Все произошло так быстро. Как и в прошлый раз, он поставил ее в ужасное положение.

Еда была готова. Мясо разделано и приготовлено для жарки на гриле вместе с сосисками, салат нарезан. Сыры она поставила в кладовку, чтобы немного размягчились. Вино налито в кувшин, на веранде накрыт стол.

Самой же ей есть совершенно не хотелось.

Внезапно Патрик оказался у нее за спиной и поцеловал в щеку. От него пахло дезинфицирующим раствором.

– Как дела? – спросила она.

Он пожал плечами. Александре хотелось, чтобы он спросил ее, как дела у нее, но он промолчал. Все всегда вертелось вокруг него. Злость снова вскипела в ней, но она проглотила обиду.

– Здесь только что побывала журналистка, – сказала она. – Я видела ее в машине – мне показалось, что это была женщина. С четвертого канала, на машине был их логотип, у нее розовый «Порше». Такое ощущение, что она что-то вынюхивает.

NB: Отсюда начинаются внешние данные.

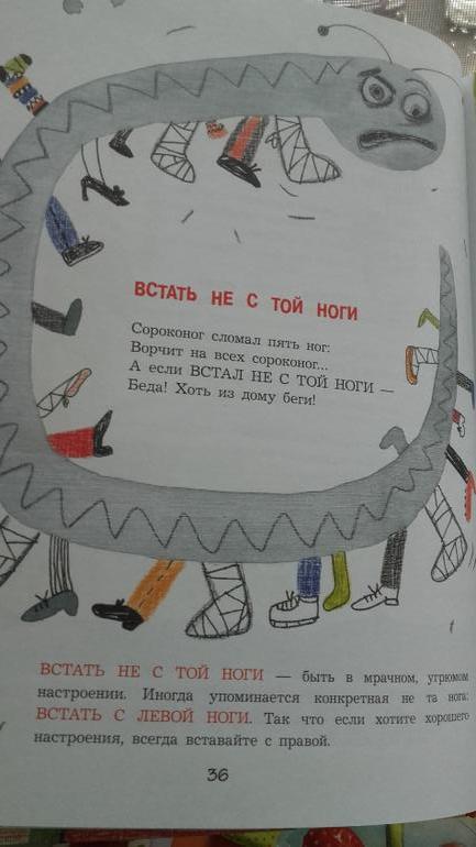 Наши дети копируют нас, в том числе и нашу речь, и вот сегодня сын говорит: "Мам, я сегодня встал не с той ноги (да-да я так говорю)))), хм...и что же это значит спрашиваю я))) Как что, что встал не с той ноги)))) Вот тут то мне и пригодилась эта книга, мы прочитали значение этого выражения, обсудили, прочли стих, он даже послушал стих, хотя вообще их не любит, но очень уж они озорные))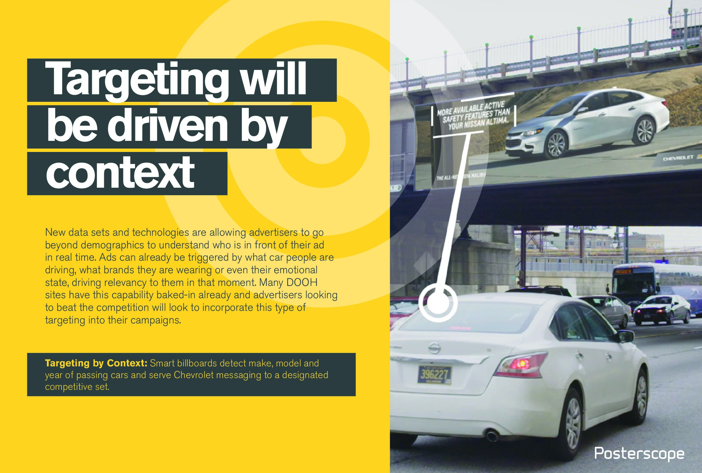 - 情境推动定向。新的数据集和技术使广告客户能够超越人口统计数据,实时了解谁在OOH广告前面。广告可以通过人们驾驶什么车,穿着什么品牌,甚至是他们的情绪状态,在某个时刻发送具有相关性的广告,许多DOOH已经具备了这种能力。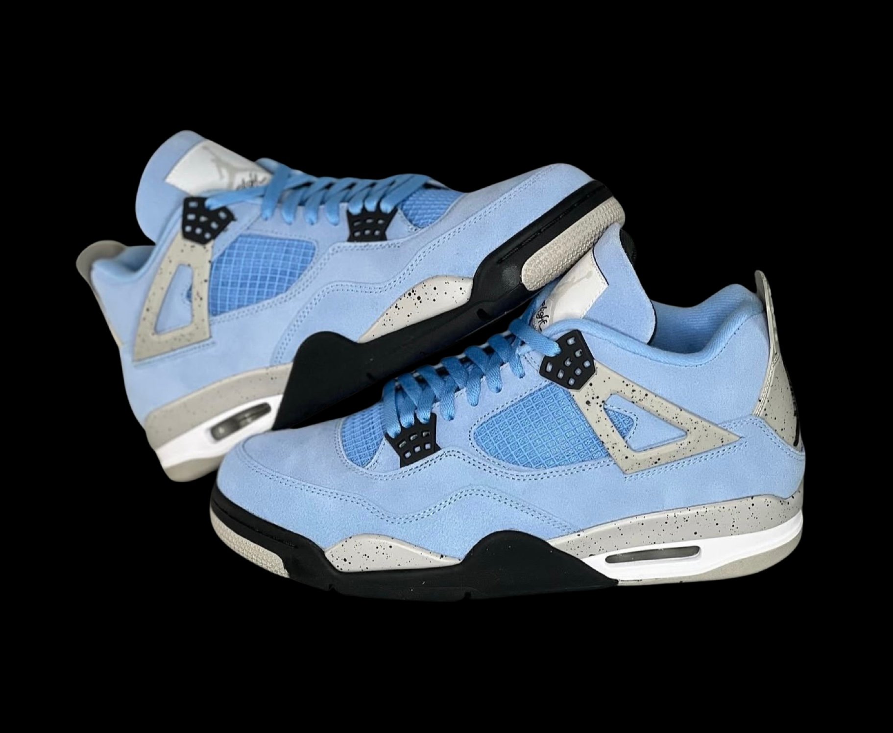 The men's Jordan 4 'University Blue' is a lifestyle basketball shoe featuring a full University Blue suede upper, complemented by synthetic mesh panels for breathability. It incorporates classic "cement" detailing with speckled grey on the wings and heel tabs, and a black and white color scheme on the midsole and outsole. Other details include a black Jumpman logo on the heel and tongue, and a tongue tag designed to resemble a jock tag on a basketball jersey.

Долгое время Патрик молчал.

– Думаю, это дочь фон Платена, – проговорил он наконец. – Она работает на телевидении – но, возможно, просто приехала к папаше. Беспокоиться наверняка не стоит. Пойду переоденусь, и будем есть.

Как он может держаться так спокойно? Словно не понимает, что произошло. Поправив подушки на диване, Александра вернулась к мойке и окну. Розовой машины больше не было видно.

– Правда, он красавчик?

– Кто? – спросила она и повернулась к свекрови, которая сняла с холодильника одну из висевших там фотографий.

Снимок запечатлел Патрика, плавающего в бассейне. Взяв фото из рук свекрови, Александра вернула его на место.

– Помни, что ты говоришь о своем сыне.

Эва просто сумасшедшая. Долго она еще пробудет у них? Она здесь чуть больше недели, а такое ощущение, что несколько месяцев.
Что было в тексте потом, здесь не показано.